Most women wore cloak, heavy coat and skirt for formal occasions. The casual dress would include a long robe embroidered at the collar and sleeve. A vest would add more color and style to the robe. Women of the Han nationality started binding their feet from adolescent years and throughout their lives, they must endure sharp pains walking in narrow, short embroidered shoes that the men very much adored. The Manchurian women were luckier to be free of this bound. But the noble ladies and their maids walked in shoes with a wooden stick shaped like the flower pot at the middle of the sole. It was thought that the women walking gingerly would look more elegant.
Carp: Live carp!
Gold fish: Come to buy big and small gold fish!
Tangmianjiao (a dumpling made with half boiled dough and steamed): Hot tangmian dumpling!
Yuanxiao (a dumpling made with the powder of glutinous rice for the Lantern Festival): Osmanthus
flower yuanxiao! Tenacious and smooth! Yuanxiao with osmanthus flower and a myriad of flavors!
Taiyanggao (sun cake, a cake printed with the pattern of a cock or with a miniature cock on the top
to be offered to the God of Sun on the 1st day of the 2nd lunar month): Sun cake to offer Buddha!
Sun cake, sun cake with the cock!
Basins and jars: Small basins! Small jars! Shallow ones for kittens! Jars for water! Chamber pots,
big and small!
Xuanfen (bean jelly contained in copper basin known as tongxuanzi as a summer dessert): Cool, really cool xuanfen!

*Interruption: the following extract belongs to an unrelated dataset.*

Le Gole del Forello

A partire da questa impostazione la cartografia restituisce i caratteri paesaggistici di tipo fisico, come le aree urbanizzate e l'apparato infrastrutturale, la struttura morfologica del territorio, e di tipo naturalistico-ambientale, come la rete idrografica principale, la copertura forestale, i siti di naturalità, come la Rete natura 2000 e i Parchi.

Chinese prickly ash and Chinese toon: Fresh Chinese prickly ash, tender leaves of Chinese toon!
Common sow thistle: common sow thistle, fresh tender common sow thistle!
Apricot: Apricots, charge you free if it"s not sour! Apricots, sweet ones, you can change for free if it"s sour!

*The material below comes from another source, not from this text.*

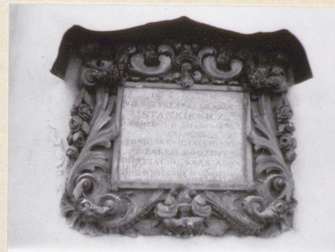
23. Epitafium na elewacji zakrystii
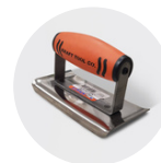
Fer à bordure

Chinese herbaceous peony: Chinese herbaceous peony of Imperial Consort Yang (Yang Yuhuan was a favorite imperial Consort of Emperor Xuanzong of Tang Dynasty and one of four best-known beauties in Chinese history).

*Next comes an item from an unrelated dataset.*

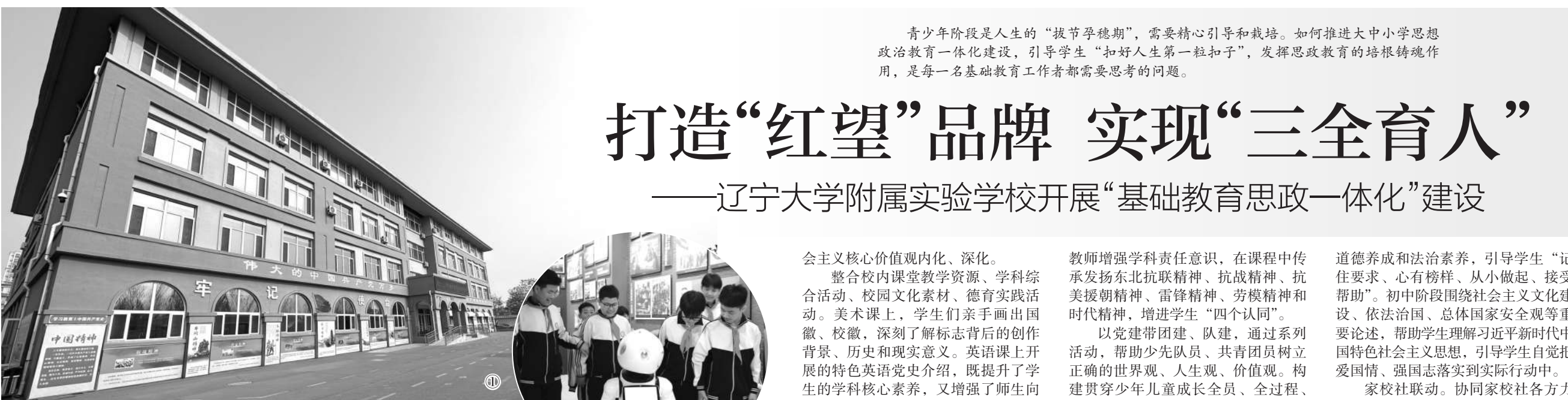
青少年阶段是人生的“拔节孕穗期”，需要精心引导和栽培。如何推进大中小学思想政治教育一体化建设，引导学生“扣好人生第一粒扣子”，发挥思政教育的培根铸魂作用，是每一名基础教育工作者都需要思考的问题。
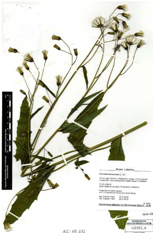
Abb. 2 Erechtites hieraciifolius .

OLT 4654/43 Niesky W: Guttau, OT Halbendorf/Spree, 1 Exemplar am Rande eines mit Wasser gefüllten Torfstiches (Beck, Weis).

Yellow croaker: Aye, come and buy yellow croaker!
Zongzi (pyramid-shaped dessert made with glutinous rice wrapped in reed or bamboo leaf for Duanwu Festival): Huge, cool zongzi with glutinous rice and small date! Tenacious zongzi with glutinous millet and small date!
Calamus and Chinese mugwort (medicinal herbs burnt during the Duanwu Festival to drive away insects and evil spirits): Calamus, good Chinese mugwort!
Mulberry fruit and cherry: Black and white mulberries, big ones to offer to Buddha! Huge cherries! Protective talisman and bottle gourd: Come for talisman to drive away all five poisonous creatures (snake, centipede, scorpion, gecko and toad)!
Steamed lotus root : Lotus root stuffed with glutinous rice!
Sweet-sour plum juice: Really sweet plum juice! Camels carried the spring water from Jade Spring Mountain; bees from the south made the nest. Get a bowl and have a try. I won"t charge you if it"s not cold or sweet.
Peas: Peas tenacious as cow tendon! Peas that are better than hazelnuts! Dried fragrant peas! Peas better than dried bean curd! Peas! Extra ones! Peas!
Watermelon: Sweet to the core with crispy flesh, what a perfectly round watermelon!
Peach: Big, honey peaches full of juice, honey peaches of Shenzhou (a city in Hebei Province known for good quality peaches)!
Xuehualao (a snowflake-like dessert): Snowflakes falling off icicle drive away summer heat and
quench thirst. Snowflakes from icicle, made with good water, sugar and osmanthus flower.
Pear paste candy (the sweet is believed to have a good effect on coughing): Big pear paste candies!
Fresh flowers: Selling magnolia flowers! Jasmine flowers!
Jujube and walnut: Sour jujube, come and buy! It"s free if it"s not sour!
Crab: Aye-hi-aye, big live crabs!
Hawthorn (the sweet-sour fruits are put on a bamboo stick and dipped in simmering sugar to get a light brown coating): Only two sticks of big hawthorns left!
Peanuts: Crispy peanuts! Come and pick peanuts!
Persimmon: Big persimmons! Like honey! Change it for free if it"s astringent.